After 8 years, Dom Perignon is 'all about harmony,' he says. That becomes the regular DP release. The second phase, at 12 to 15 years, is P2, 'the wine's peak of energy and intensity,' while the third (P3) at around 30 to 40 years, is 'more subtle, complex, and polished.' DP can last a century, Geoffroy adds. (I'll have to take his word for that.)
Essentially, DP is triple-dipping, releasing a vintage at three points in its life, with extra time on the yeast at each stage. The P2 and P3 names, which sound like software upgrades, are a bit of rebranding; DP's previous late releases were labeled Oenotheque.
The 1998 P2 has pinpoint focus, dark, salty, mineral notes and the creamy texture that's a DP hallmark, and is definitely a step up from the regular 1998.
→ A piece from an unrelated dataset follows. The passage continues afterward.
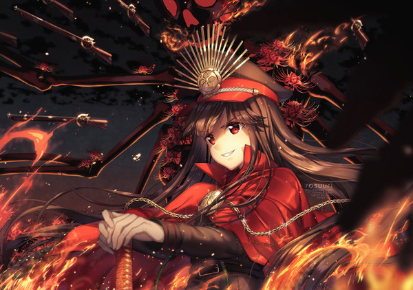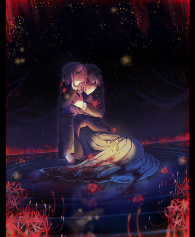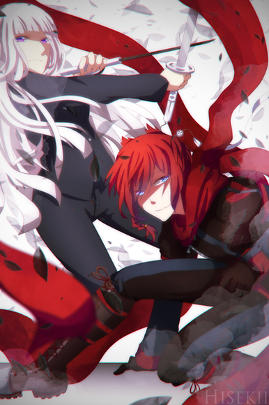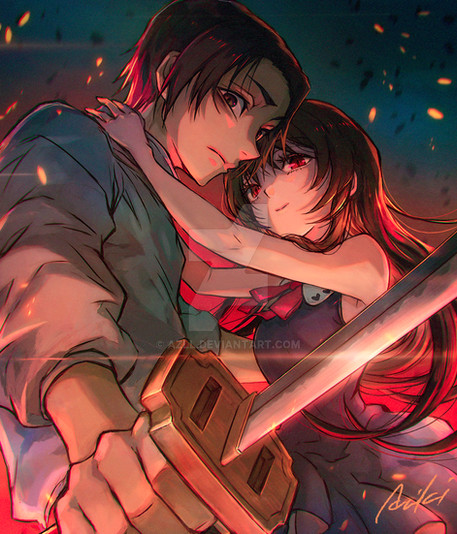 #commission #couple #eyeball #eyepatch #red #scissors #seifuku #sword #throne #yandere #rosuuri #enzouke #spiderlily

Frankly, its subtleties are not likely to be noticed by all drinkers. And that's fine - Dom Perignon is, after all, Dom Perignon. But bottlings like the P2 and P3 help deeply-obsessed fans examine just how superb the bubbly can be as a wine.
Today, when grower champagnes from tiny estates are the hip choice, P2 is a reminder of the treasures a big producer nurtures in its caves. Maybe that's why the somber packaging trumpets investment potential. The bottle rests like a mummy in a black metallic box with the look of a small safe. Total weight: 8 pounds; price tag $350 to $375.
There's more to come. In February, DP will unveil the 1995 P2 Rose, and come spring, the first P3, from a not-yet-revealed older vintage. Prices for both will be even higher. You needn't rush. The champagne house has always been coy about revealing production figures, a tipoff that scarcity isn't an issue.